At the federal level, the Reparations plan violates the Equal Protection Clause of the Fourteenth Amendment, which mandates that no state shall “deny to any person the equal protection of the laws.” San Francisco’s planned race-based government actions are subject to strict scrutiny, requiring a compelling governmental interest, where the plan fails miserably. The Supreme Court’s 2023 decision in Students for Fair Admissions v. Harvard reaffirmed that racial classifications are by nature inherently suspect and rarely justifiable, even for “remedy” purposes.
San Francisco’s plan explicitly discriminates by limiting government benefits to Black residents based on racial identity and historical criteria, such as descent from enslaved persons or residency during “discriminatory eras.” This creates a class of beneficiaries without demonstrating that the city’s actions are the least restrictive means to achieve equity.
Such monetary payments punish current non-Black residents who bear no personal culpability for past “sins,” violating the Constitution’s promise of equal treatment.
Furthermore, the plan’s administration through public organizations could implicate Title VI of the Civil Rights Act of 1964, which prohibits discrimination on the basis of race in any program receiving federal financial assistance. San Francisco, reliant on federal grants for housing and education, risks lawsuits for using taxpayer dollars to fund racially exclusive benefits. Andrew Quinio, of the Pacific Legal Foundation, called the San Francisco’s ordinance a “very explicit racially discriminatory purpose,” and “horrendously unlawful” under federal law. I agree.
State-level violations are equally shocking. California’s Proposition 209 which voters enshrined in the state constitution as Article I, Section 31, explicitly bans the state and counties from discriminating or granting preferential treatment based on race, color, ethnicity, or national origin in public employment, education, or contracting. Passed by voters in 1996 as the California Civil Rights Initiative, it was designed to ensure meritocracy over racial quotas. The city’s reparations plan’s race-specific payouts, racial housing priorities, and race-based business grants directly breach this provision by favoring Black applicants over all others, regardless of individual need or merit. We should anticipate swift legal challenges, as even privately funded programs (allowed to make contributions to the new fund) when administered by government entities fall under Prop 209’s purview.
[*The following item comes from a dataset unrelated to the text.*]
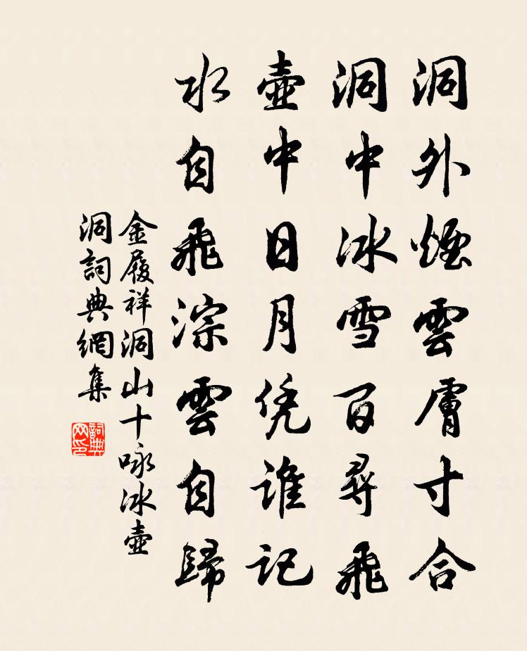 詩詞名句歷史字典書法欣賞書法字典國語詞典說文解字康熙字典古漢語字典標 題 作 者 詩 句 洞山十詠冰壺洞作者:金履祥 朝代:宋代洞山十詠冰壺洞原文洞外煙雲膚寸合,洞中冰雪百尋飛。壺中日月憑誰記,水自飛淙雲自歸。詩詞問答問:洞山十詠冰壺洞的作者是誰?答:金履祥問:洞山十詠冰壺洞寫於哪個朝代?答:宋代金履祥洞山十詠冰壺洞書法欣賞洞山十詠冰壺洞書法作品詩詞推薦池州夫子廟麟台韋表微〔唐代〕二儀既閉,三象乃乖。聖道埋郁,人心不開。上無文武,下有定哀。吁嗟麟兮,孰為來哉。周雖不綱,孔實嗣聖。賀秘書歐陽巽齋先生遷居文天祥〔宋代〕先生挾冊當菑畲,不待辛勤有屋廬。宅樣只還齊里舊,鄉風好似潁川居。鏡湖今日賀外監,瀛館前年虞秘書。天下菩薩蠻晁端禮〔宋代〕薄衾小枕重門閉。孤燈照著人無寐。風雨夜來多。春寒可奈何。深閨香暖處。還解憐人否。只道不來歸。那知心似恭和御製賜進士詩韻二首袁說友〔宋代〕堯言不數漢文章,漫說唐人萬丈光。百辟共知尊上指,群儒何止戴言揚。絲綸甫幸來中禁,琬琰俄欣奏上方。京邑句宋白〔宋代〕凌晨走退暇蟆鼻,幾日飛經灩澦堆。送客湖橋仇遠〔宋代〕別酒離歌送馬蹄,歸鞍斜日故遲遲。小兒拍手山翁醉,江左風流一晉時。寄鄭秘校趙蕃〔宋代〕吾邦豪傑未多聞,義薄雲天獨數君。遇兼登倉真甚惠,當郊置驛信徒勤。目前米價未為貴,我自囊空先有雲。食粥自桃川至辰州絕句四十有二趙蕃〔宋代〕牂牁何處莫窮源,萬折千磯劇迅奔。寸寸上來良亦苦,不知斷支出秘番魂。題石井張嵲〔宋代〕精藍負東岑,奇石護山麓。嵁岩如車輪,一鏡方黛蓄。沉沉不動容,澹{左氵右頹}立山木。日射翠氣浮,游鱗翻偈頌一百零二首釋紹曇〔宋代〕太白峰前施小伎,淵嘿雷霆人自畏。瓦礫翻成釋梵宮,古佛門風重振起。不墮功勳,等閒遊戲。金毛獅子忽翻身,昔仕劉克莊〔宋代〕昔仕年傷早,今歸計恨遲。賴存南嶽草,可答北山移。曉過葉家橋二首楊萬里〔宋代〕圩峻愁今路,山行羨昨朝。閉窗深坐轎,合眼過危橋。岸近何由到,魂驚半欲銷。寄言薛丞相,最穩是輕舠。贈劉靜翁頌四首黃庭堅〔宋代〕萬緣空處真如佛,八面風中不動尊。困便橫眠飢吃飯,十方無壁又無門。吳沖卿鼓契梅堯臣〔宋代〕暮契出,朝契歸,出入未嘗逢日暉。雄雌曾不離鍾室,百年刓弊知者稀。時移世異不改易,俗眼厭舊君前非。君王游九鎖朱傑〔宋代〕九天虎豹不守關,瑤京夜半墮塵寰。化為青山故曲折,中有玉殿開仙班。白龍天來三百丈,飛沫直下琉璃灣。神仙臨江仙(酴醿)韓元吉〔宋代〕不恨綠陰桃李過,酴醿正向人開。一尊清夜月徘徊。花如人意好,月為此花來。未信人間香有許,卻疑同住瑤台。宿秦生山齋溫庭筠〔唐代〕衡巫路不同,結室在東峰。歲晚得支遁,夜寒逢戴顒。龕燈落葉寺,山雪隔林鐘。行解無由發,曹溪欲施舂。重玄寺旎檀林桂花陳深〔宋代〕有桂生只園,團團擁旌蓋。靈要挺盤錯,翠色深晻藹。疑從驚峰移,迦與峨石對。商飈動閶闔,夜氣凝沆瀣。清蒼閒遊李商隱〔唐代〕危亭題竹粉,曲沼嗅荷花。數日同攜酒,平明不在家。尋幽殊未極,得句總堪夸。強下西樓去,西樓倚暮霞。句釋曉瑩〔宋代〕舟橫漁唱晚。名句推薦月到東南秋正半。雙闕中間,浩蕩流銀漢。王國維《蝶戀花·月到東南秋正半》 女子今有行,大江溯輕舟。韋應物《送楊氏女》 幾度東風吹世換,千年往事隨潮去。戴復古《滿江紅·赤壁懷古》 櫚庭多落葉,慨然知已秋。陶淵明《酬劉柴桑》 谷鳥吟晴日,江猿嘯晚風。李白《江夏別宋之悌》 今宵樓上一尊同。雲濕紗窗。辛棄疾《一剪梅·中秋元月》 雨落不上天,水覆難再收。李白《妾薄命》 吾生如寄,尚想三徑菊花叢。楊炎正《水調歌頭·把酒對斜日》 三年遇寒食,盡在洛陽城。白居易《洛橋寒食日作十韻》 寒禽與衰草,處處伴愁顏。司空曙《賊平後送人北歸》

Additionally, the plan transgresses Article I, Section 7 of the California Constitution, which mirrors the federal Equal Protection Clause by guaranteeing due process and equal protection.
By committing public funds and resources to race-based remedies without voter approval or sufficient appropriations, it may also violate California’s Anti-Deficiency Act (Government Code Section 16304), which prohibits city hall expenditures exceeding budgeted funds.
The Reparations plan’s 250-year income guarantee to recipients’ heirs, for instance, pledges future revenues without legislative safeguards, inviting fiscal chaos and certainly legal challenges with injunctions.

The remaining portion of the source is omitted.